Meaning, if one has a Will which leaves both 100% relievable assets and 50% relievable assets up to the maximum value taking into account one’s own Nil Rate Band Allowance (so in real terms that could be £650,000 (NRB of £325,000 times 2) of 50% relieved assets) either to one’s children or to a discretionary trust AND one has a then surviving spouse, that arrangement, post 6th April 2026 is not going to be the most IHT favoured outcome. This is due to a significant amount of IHT being payable as a result of the tax rule changes which the budget announced as of 6th April 2026.
Instead, amended drafting is required to leave merely 100% relievable assets to the said discretionary trust or to the children, and all other assets should be routed via the then surviving spouse either on an outright basis or a flexible life interest basis.

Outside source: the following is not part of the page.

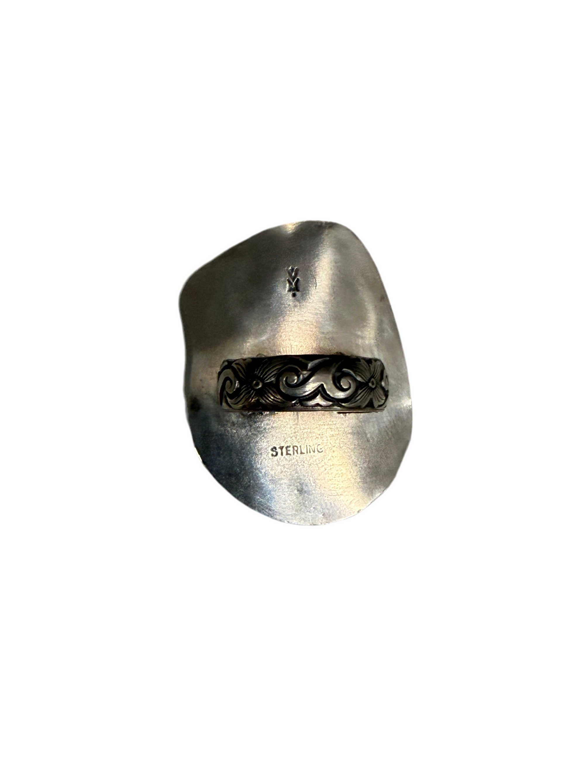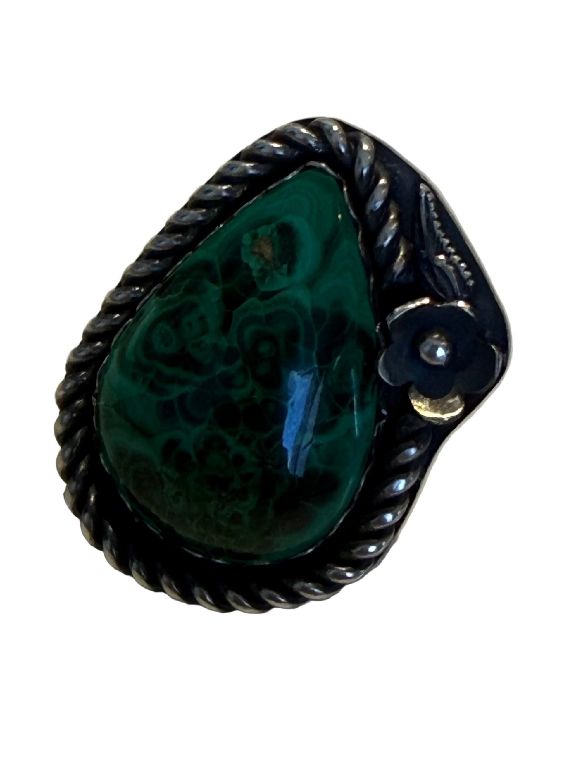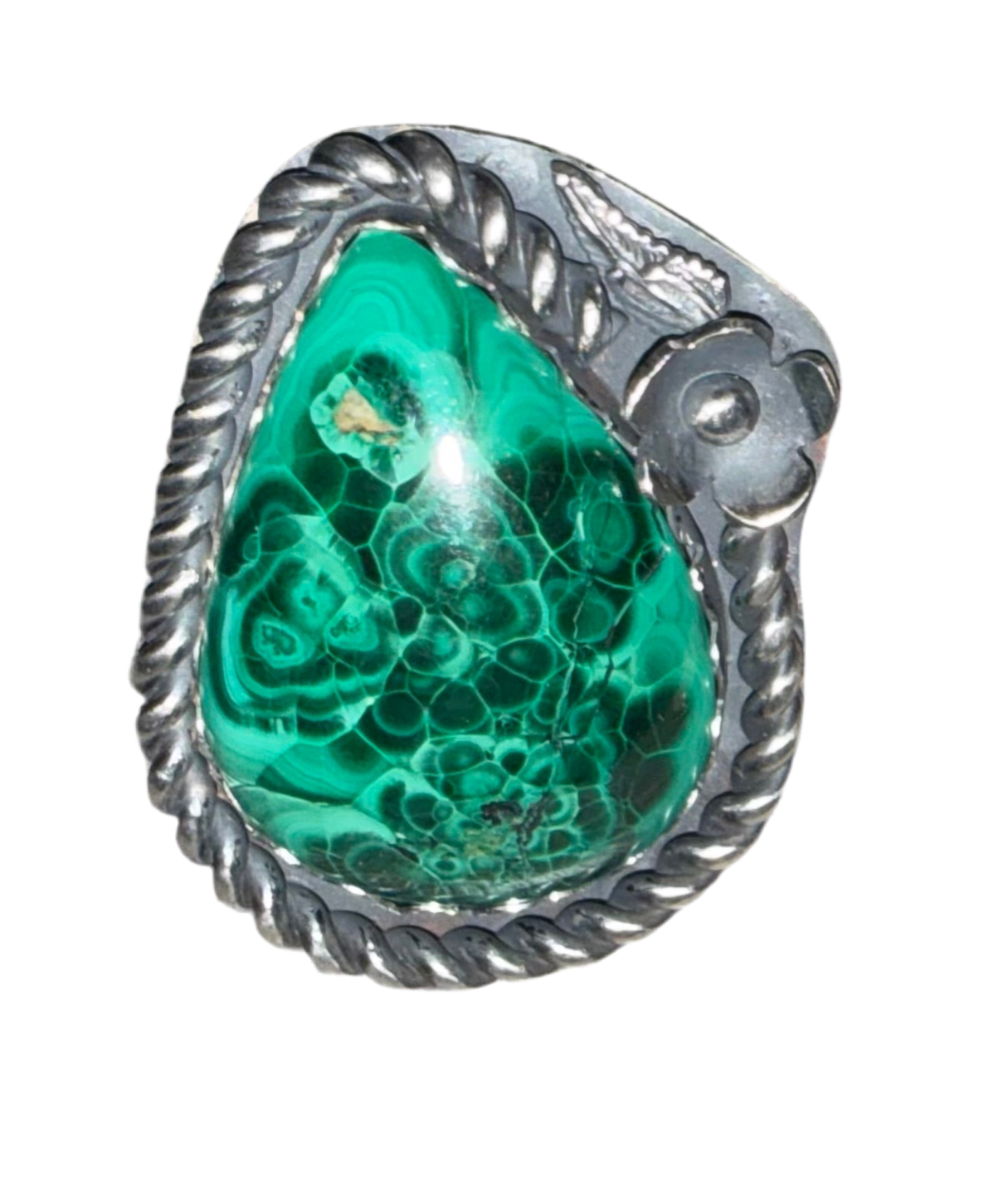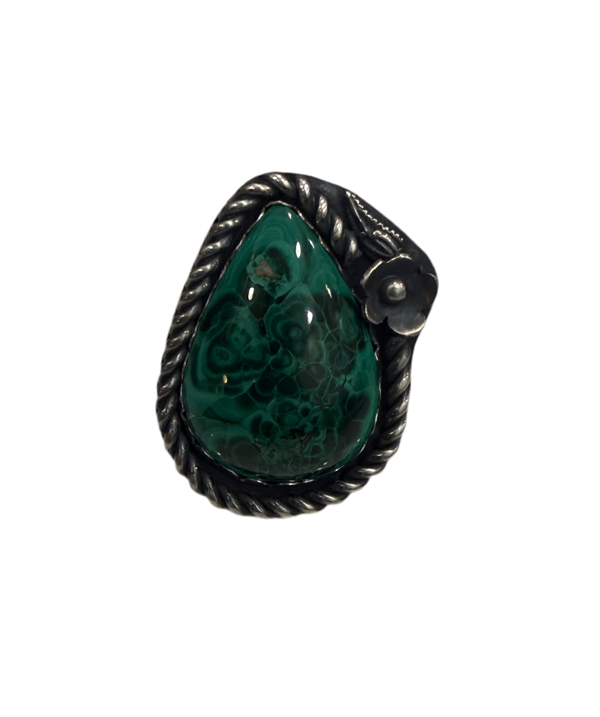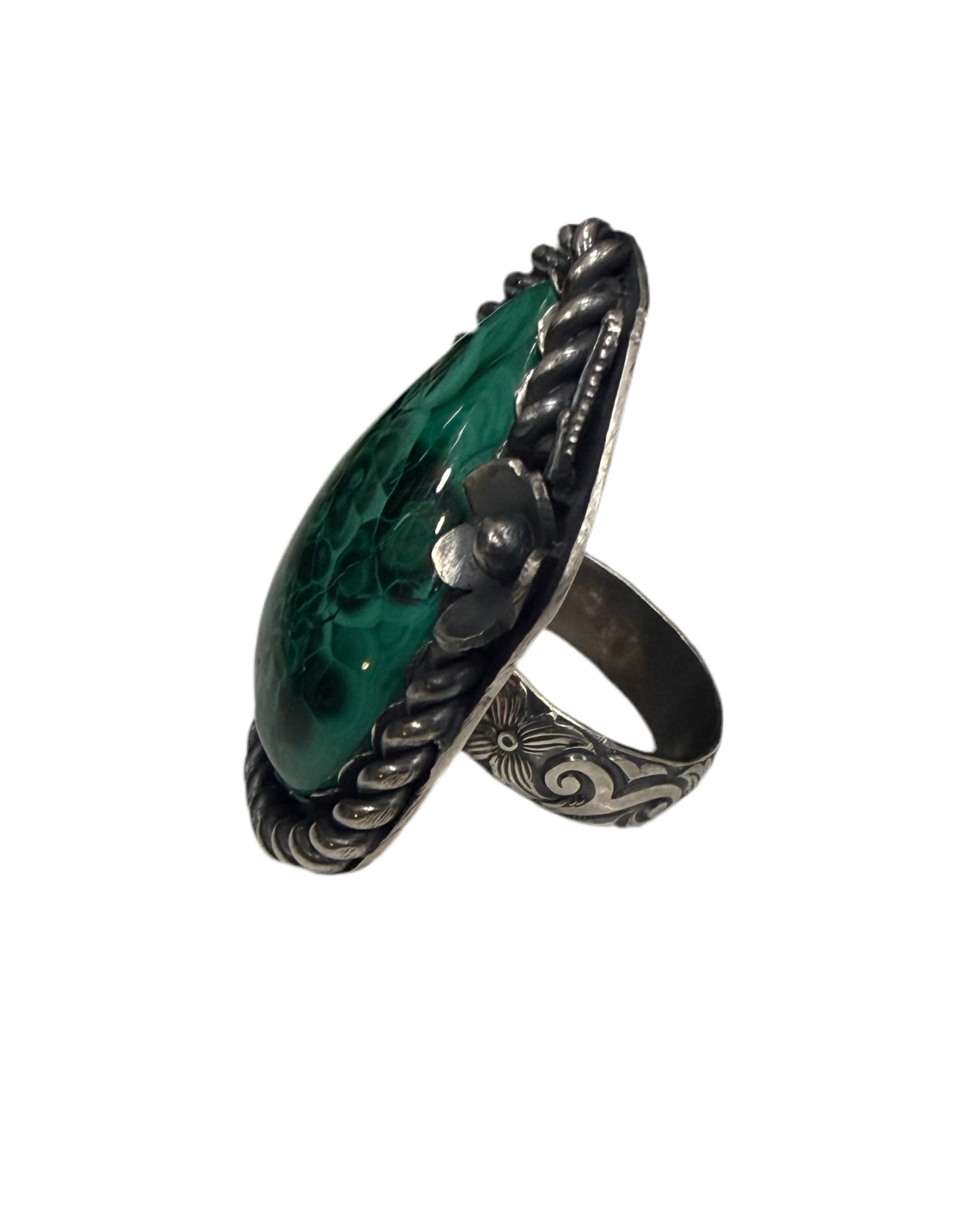 Bold, grounding, and undeniably powerful, The Green Goddess features a richly patterned malachite set in handcrafted sterling silver. The stone’s deep emerald swirls and natural banding feel almost alive—like ancient forest energy captured in stone. Framed with a twisted rope border and accented by a subtle silver floral detail, this ring balances strength with softness.

This ensures no IHT on one’s death at that point, and assets pass to an IHT exempt beneficiary (one’s surviving spouse), who will have their own £1 million allowance to use and for whom lifetime planning in the form of gifting and/or lifetime trust set up with the assets passing into those trusts can be implemented. This is hoping in both cases either that the full 7-year survivorship period is met by one’s spouse outliving that period or if the gift is large in financial value (more than the Nil Rate Band Allowance), that taper relief for IHT is secured by your spouse surviving at least 3 years or more from the completion of the gifting exercise.
As stated above, there is probably merit in sticking with the current Will you may have for now, as should one die BEFORE 6th April 2026, then having your pre-existing will structure may lead to a better outcome than going to the new structure. But certainly, if one is alive in the autumn of 2025/through to early spring of 2026, then your Will may need reviewing and updating. The penalties for not doing so may be significant in the order of hundreds of thousands of pounds, although for now, the escape route of a Deed of Variation for those dying with the wrong Will in place may be available as long as the same is agreed and as long as Deeds of Variation are a permitted part of our toolbox as they are at present.
We feel that the changes made in this budget may be the start of a more thorough overhaul of the system, which may very well not be in the IHT payer’s favour by way of expected tax outcomes.